Integrating loads of amino acids in their make-up, proteins are complex molecules essential for cellular formation, growth, maintenance, and repair. Although most proteins bear semblance, they can vary in molecular structure, size, and physicochemical attributes. For efficient identification of these molecules, protein characterization is required.
Simply put, protein characterization is used to detect and isolate the various amino acids available in a specific protein. Protein characterization techniques like Mass Spectrometry give researchers the luxury of identifying and segmenting proteins with great detail.
This guide will look at the structural protein levels and major portion characterization techniques most protein expression services use.
Structural Levels of Protein
Before examining the unique protein characterization techniques, it’s important to understand the structural protein levels. There are four structural levels to protein, including:
The primary structural level is the most basic protein structural level. This level comes in handy to explain the sequence of amino acids in a polypeptide chain.
Amino acid order is crucial, and even the slightest tilt can alter the course of a protein’s structure and function. For instance, an amino acid change in hemoglobin can cause single-cell anemia.
The secondary protein level denotes protein forms that curl alongside polypeptide chains during backbone atom interactions.
Typical secondary structures include the Beta pleated sheet and Alpha helix. Both forms are held in place by hydrogen bonds. While some single proteins might integrate one secondary structure, scientists from a leading protein expression company will encounter proteins with multiple secondary blueprints.
A 3D (three-dimensional) polypeptide chain is formed at the tertiary level. This formation stems from the interaction of amino acid R groups. Upon interaction, non-covalent bonds develop.
Note that hydrophobic interactions can create 3D polypeptide chains (tertiary structures). Covalent disulfide bonds that link cysteine amino acids can also develop tertiary structures.
Although some proteins are based on a single polypeptide chain, others might feature multiple chains. These multiple chains are tagged subunits that align to create a protein’s quaternary level.
A typical example of a protein that adopts a quaternary structure is a hemoglobin. This protein is responsible for transporting oxygen to crucial organs and tissues in the human body.
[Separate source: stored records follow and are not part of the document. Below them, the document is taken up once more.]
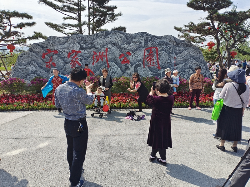 宋家洲公园入口处不少市民在拍照留念
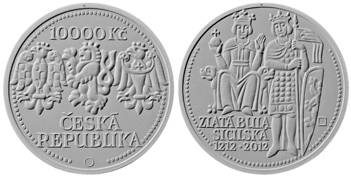 Soutěž na umělecký návrh svým způsobem výjimečné zlaté mince nominální hodnoty 10 000 Kč s námětem „Zlatá bula sicilská“ vyhlásila Česká národní banka v prosinci 2010 s uzávěrkou 11. března 2011. Vyhlášení soutěže bylo veřejné prostřednictvím internetu, od 17 výtvarníků přišlo celkem 29 sádrových modelů.
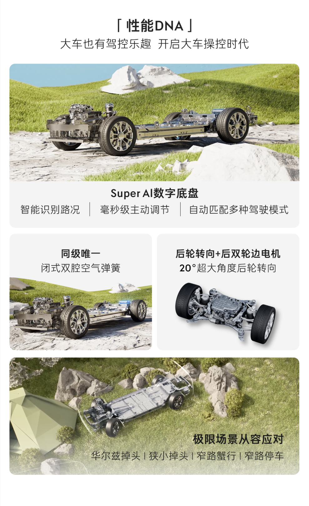 在新能源汽车时代,电机的加持似乎让性能变得廉价,而像电磁悬架、空悬等技术的搭载,感觉车辆的底盘性能也提升了一个等级。但其实性能不仅仅是零百加速,底盘也不仅仅靠配置和堆料。SPA Evo架构下的新车,强悍的依旧是积淀非常深厚的调校能力,再配上同级唯一的闭式双腔空气弹簧,领克Super AI数字底盘,2.0T电混发动机+DHT Pro+2*160kW P4轮边电机,后轮转向等最新技术的上车,底盘能力和操控又提升了上限,让底盘和操控有了性能和智能的双重加持,驾驶也变得更有乐趣。

Primary Protein Characterization Techniques
Do you want to dig further into the characterization of proteins adopted by the standard protein expression service? Here are some special protein characterization techniques to note:
- Mass Spectrometry
Sophisticated tools like mass spectrometry have revamped the way laboratories group proteins. This protein characterization technique is useful for identifying post-translational modifications, also known as PTMs, to change a protein’s behavioral attributes.
Mass spectrometry helps scientists to detect the distinct protein characteristics using add-ons that can seamlessly identify spectra forms in their millions. Since scientists can identify thousands of peptides and proteins in a single application, mass spectrometry makes PTM detection smooth sailing.
- Amino Acid Analysis
Amino acid analysis usually complements protein characterization. This technique allows researchers to get a detailed insight into select protein attributes. For example, labs use chromatographic techniques to detect, isolate, analyze, quantify, and group amino acids.
- Gel Electrophoresis
Gel electrophoresis heavily relies on the movements observable in an electric field for protein separation (by molecular structure).
When proteins encounter an electric field, they tend to unfold. They’re also coated due to the negative charge. These actions, in turn, make proteins separate and move towards a positive charge.
Afterward, proteins are redirected to a membrane that can be analyzed solely by several techniques, including Western blotting. Also referred to as immunoblotting, this technique adopts a three-step process to detect individual proteins.
Here, characterization is actualized by injecting an antibody specific to the protein targeted during the experiment. After this, molecular bands featuring the target protein attach themselves to the antibody, thereby facilitating a color change.
- Dynamic Light Scattering (DLS)
Dynamic light scattering is a technique that has amassed so much popularity in the last decade due to its simplicity and user-friendly nature. Unlike other protein characterization techniques, DLS issues results minutes after the initial experiment without requiring numerous samples.
Besides characterizing sample size, the DLS comes to the fore when unlocking distribution data without initial separation. This attribute allows the DLS technique to be ideal for varying applications, ranging from high range particle dispersion to low nanometer polymer solutions.
- Trapped Ion Mobility Spectrometry
Trapped Ion Mobility Spectrometry (TIMS) is a gas-phase technique engaged by the standard e coli protein expression service to get an expansive molecular weight signal range.
TIMS is used to separate ions in terms of their mobility. It also delivers collision cross section (CCS) data that’ll help researchers to attain increased specificity in protein analysis.
As the biomedical sector advances, the techniques used to characterize proteins must follow a similar path. Protein mapping is vital as it aids drug development and creates mediums crucial in detecting illnesses at their early stages.
Due to the importance of protein characterization, regulatory bodies and manufacturers must come together to answer the nagging question — how characterized is well characterized?